In [1]:
from dotenv import load_dotenv
load_dotenv()

True

In [2]:
import warnings
warnings.filterwarnings("ignore")
from langchain_groq import ChatGroq

llm = ChatGroq(
    model="llama3-8b-8192",
    temperature=0,
    max_tokens=None,
    timeout=None,
    max_retries=2
)

In [3]:
from langchain.prompts.prompt import PromptTemplate

In [5]:
from langchain_community.document_loaders import PyPDFLoader

def load_pdf_data(pdf_path):
    """
    this function loads text data from pdf file
    """
    loader = PyPDFLoader(file_path=pdf_path)
    documents = loader.load()
    return documents

In [7]:
react_docs = load_pdf_data(pdf_path = "../data/Training_docs/Episode_1.pdf")

In [10]:
from langchain_text_splitters import RecursiveCharacterTextSplitter

def split_documents(documents, chunk_size=800, chunk_overlap=80):
    """
    this function splits documents into chunks of given size and overlap
    """
    text_splitter = RecursiveCharacterTextSplitter(
        chunk_size=chunk_size,
        chunk_overlap=chunk_overlap
    )
    chunks = text_splitter.split_documents(documents=documents)
    return chunks

In [11]:
react_chunks = split_documents(react_docs)

In [15]:
from langchain_huggingface import HuggingFaceEmbeddings
from langchain_community.vectorstores import FAISS
import os

def create_embedding_vector_db(chunks, db_name, target_directory=f"../vector_databases"):
    """
    this function uses the open-source embedding model HuggingFaceEmbeddings 
    to create embeddings and store those in a vector database called FAISS, 
    which allows for efficient similarity search
    """
    # instantiate embedding model
    embedding = HuggingFaceEmbeddings(
        model_name='sentence-transformers/all-mpnet-base-v2'
    )
    # create the vector store 
    vectorstore = FAISS.from_documents(
        documents=chunks,
        embedding=embedding
    )
    # save vector database locally
    if not os.path.exists(target_directory):
        os.makedirs(target_directory)
    vectorstore.save_local(f"{target_directory}/{db_name}_vector_db")

In [39]:
create_embedding_vector_db(chunks=react_chunks, db_name="doc")

In [17]:
def retrieve_from_vector_db(vector_db_path):
    """
    this function splits out a retriever object from a local vector database
    """
    # instantiate embedding model
    embeddings = HuggingFaceEmbeddings(
        model_name='sentence-transformers/all-mpnet-base-v2'
    )
    react_vectorstore = FAISS.load_local(
        folder_path=vector_db_path,
        embeddings=embeddings,
        allow_dangerous_deserialization=True
    )
    retriever = react_vectorstore.as_retriever()
    return retriever

In [32]:
doc_retriever = retrieve_from_vector_db("../vector_databases/react_vector_db")

In [33]:
from langchain import hub
from langchain.chains.combine_documents import create_stuff_documents_chain

In [34]:
from langchain.chains.retrieval import create_retrieval_chain

In [35]:
def connect_chains(retriever):
    """
    this function connects stuff_documents_chain with retrieval_chain
    """
    stuff_documents_chain = create_stuff_documents_chain(
        llm=llm,
        prompt=hub.pull("langchain-ai/retrieval-qa-chat")
    )
    retrieval_chain = create_retrieval_chain(
        retriever=retriever,
        combine_docs_chain=stuff_documents_chain
    )
    return retrieval_chain

In [36]:
doc_retrieval_chain = connect_chains(doc_retriever)

In [37]:
def print_output(
    inquiry,
    retrieval_chain=doc_retrieval_chain
):
    result = retrieval_chain.invoke({"input": inquiry})
    print(result['answer'].strip("\n"))

In [38]:
print_output("Give me the summary the text in 3 sentences.")

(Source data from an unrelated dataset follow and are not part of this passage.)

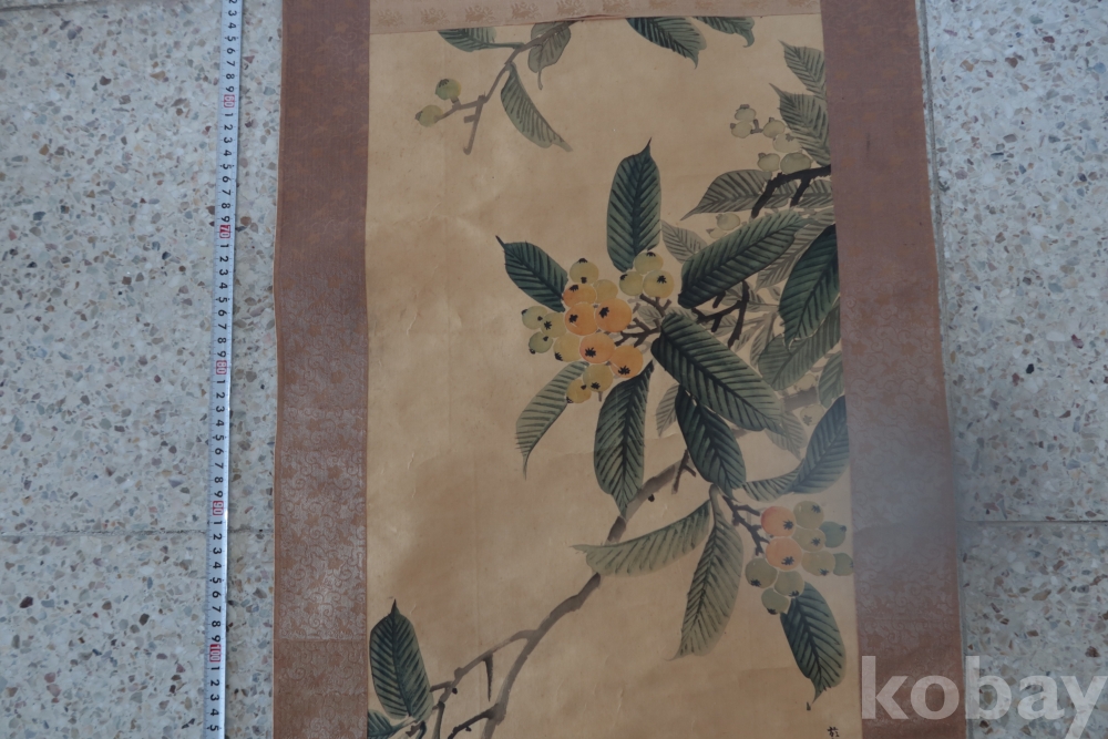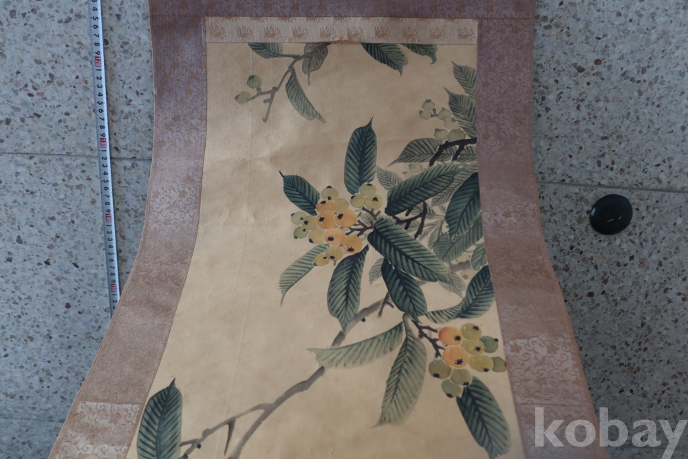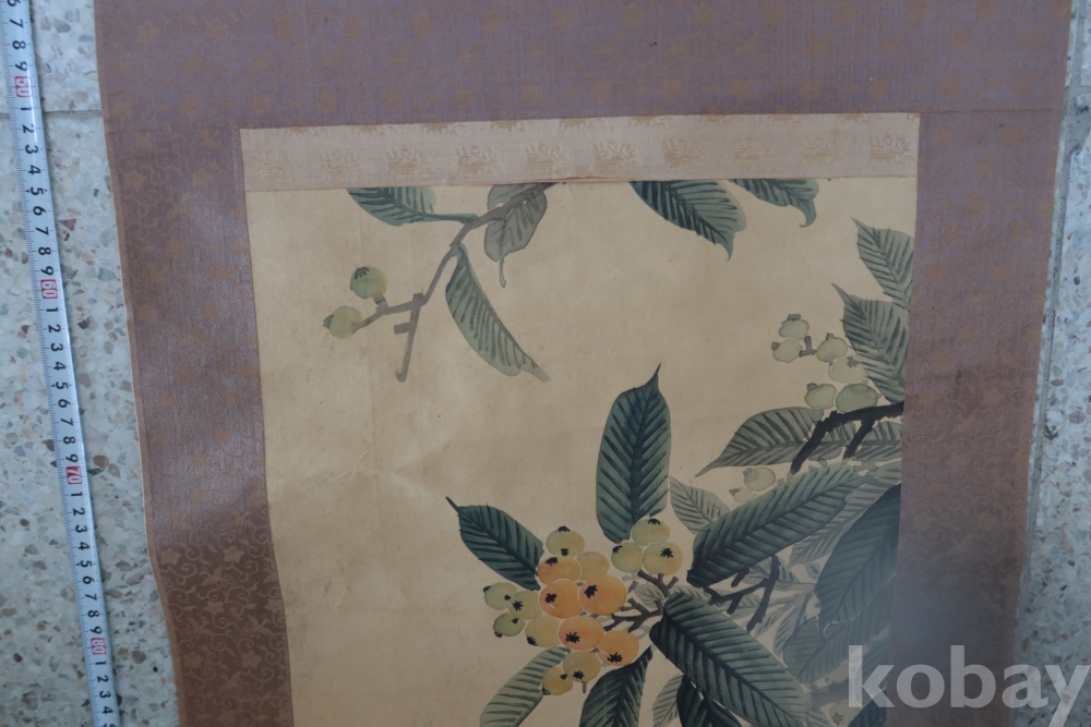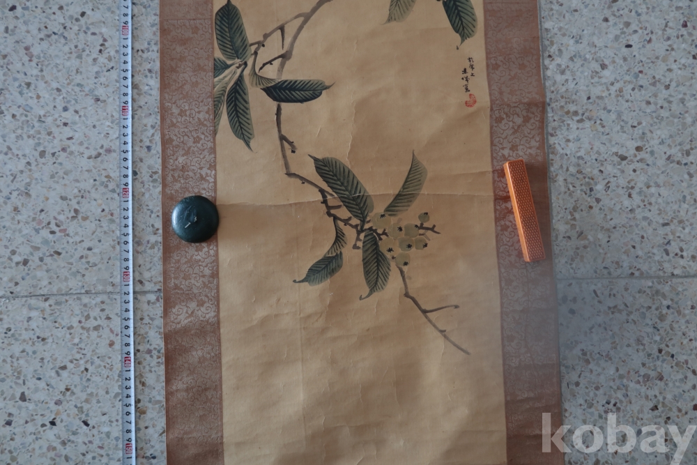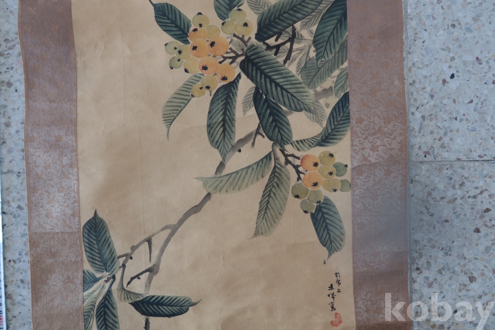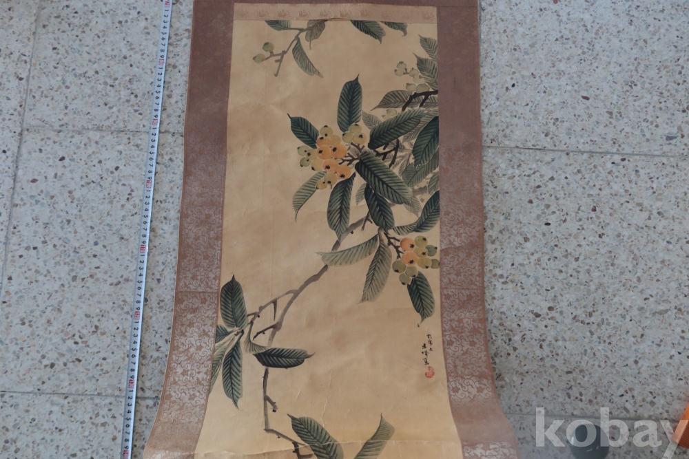 멋진 그림을 가진 비파?나무 임니다 화가의 혼을 가진 명화 이며 두 축은 깨진 부분 마개 분실이 보임니다 족자는 세월의 흔적이 보임니다 1930 전후의 명화 임니다
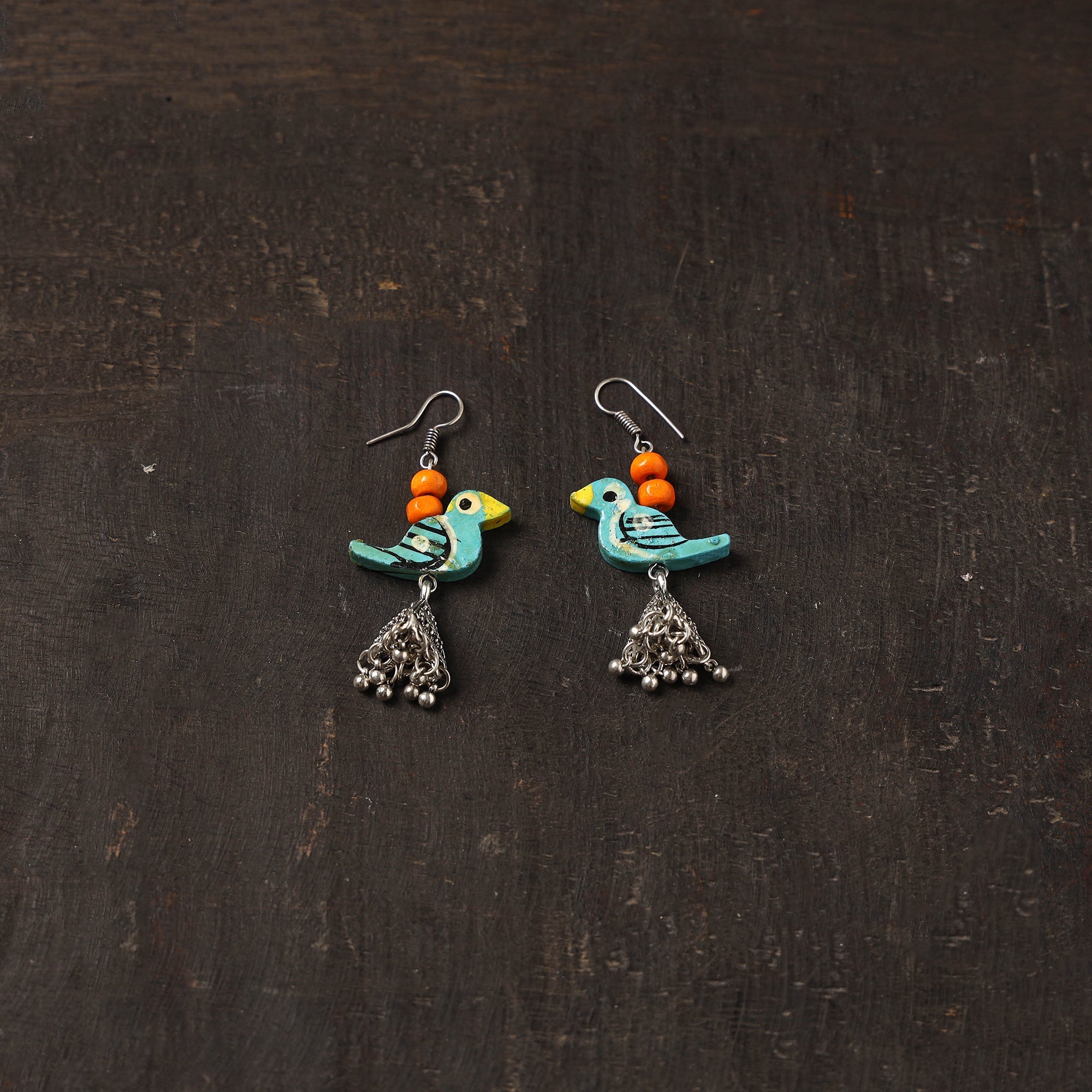Handcrafted german silver jhumki earrings are beautifully detailed with blue wooden bird and beads. Made by iTokri’s skilled artisans, they offer a lightweight, and perfect for adding a unique charm to festive and everyday looks. German silver adds durability and is known for its strong, long-lasting finish.
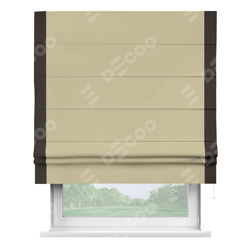 Римская штора производителя «Cortin», используется для проёма, пошита из ткани блэкаут однотонный кофейный, артикул ткани 13130. Отделка шторы кантом «Стрим Дуо», ткань для канта используется из блэкаута однотонного разной расцветки на выбор. Имеет универсальный механизм и подходит для монтажа: на потолок, на стену и в нишу.
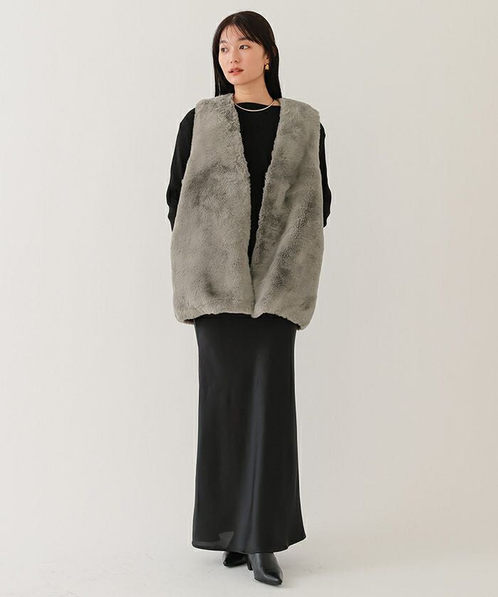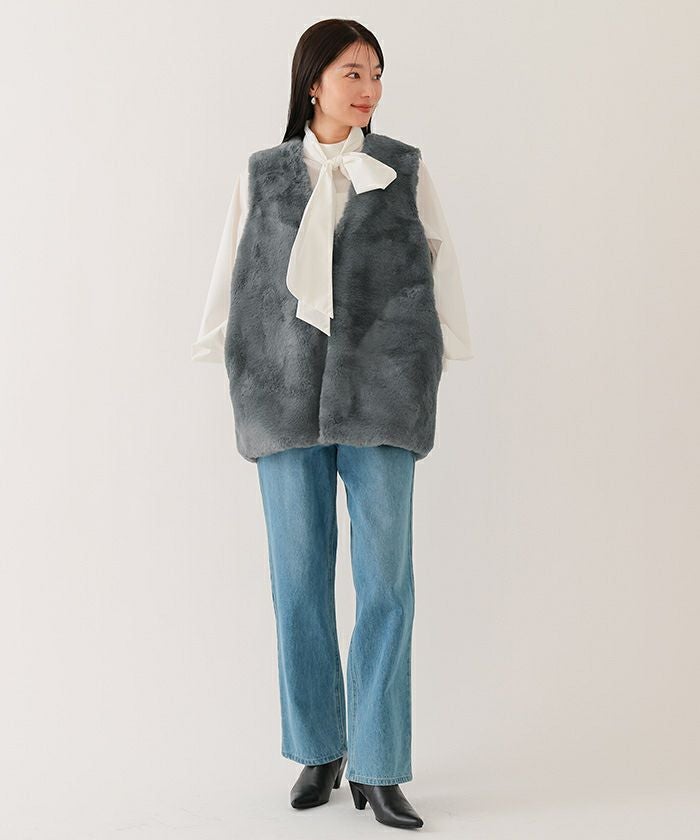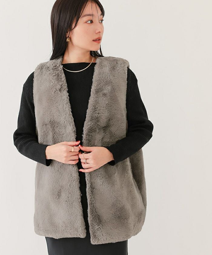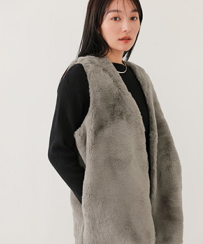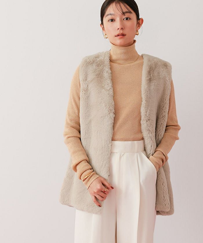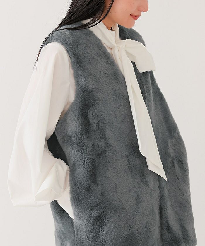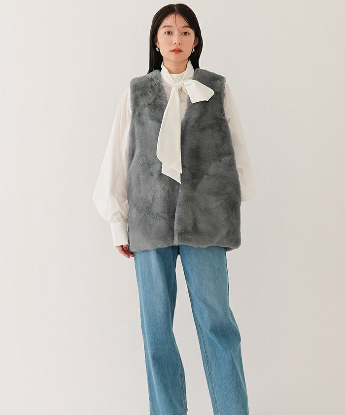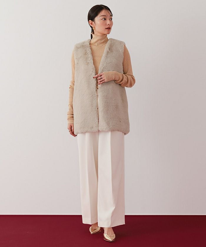 ノーカラーですっきりとした印象に仕上げ、顔まわりをすっきり見せてくれるデザイン。
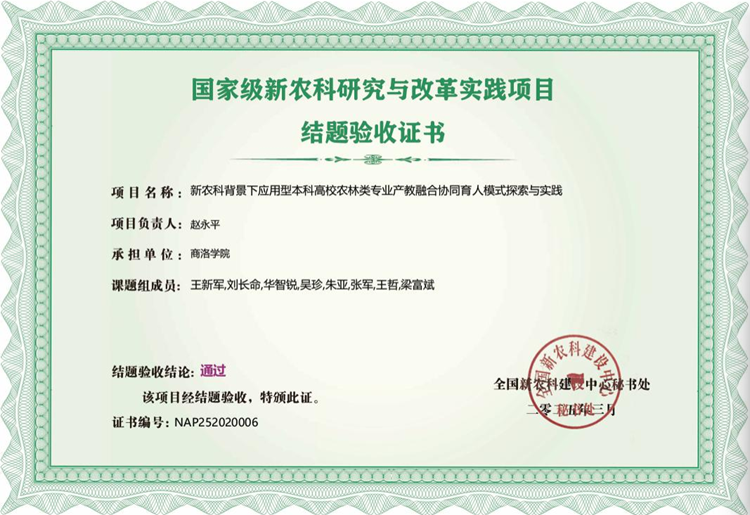 近日,教育部办公厅发布了《教育部办公厅关于公布新农科研究与改革实践项目结题验收结果的通知》,best365赵永平教授主持的《新农科背景下应用型本科高校农林类专业产教融合协同育人模式探索与实践》项目顺利通过验收。据悉,2020年9月教育部共立项407个新农科研究与改革实践项目,经专家网络评审、专家会议评审等环节,共有386个项目通过验收。

The text discusses the significance of understanding the causes of diseases and aging, with the speaker arguing that it is a turning point in medical history. The speaker's research has shown that aging is controllable and can be slowed down or reversed, and that this technology will fundamentally change the course of human history. The goal is not just to prevent old age, but to prevent aging throughout one's entire lifespan, and the speaker plans to share practical tips and information on how to achieve this in future episodes.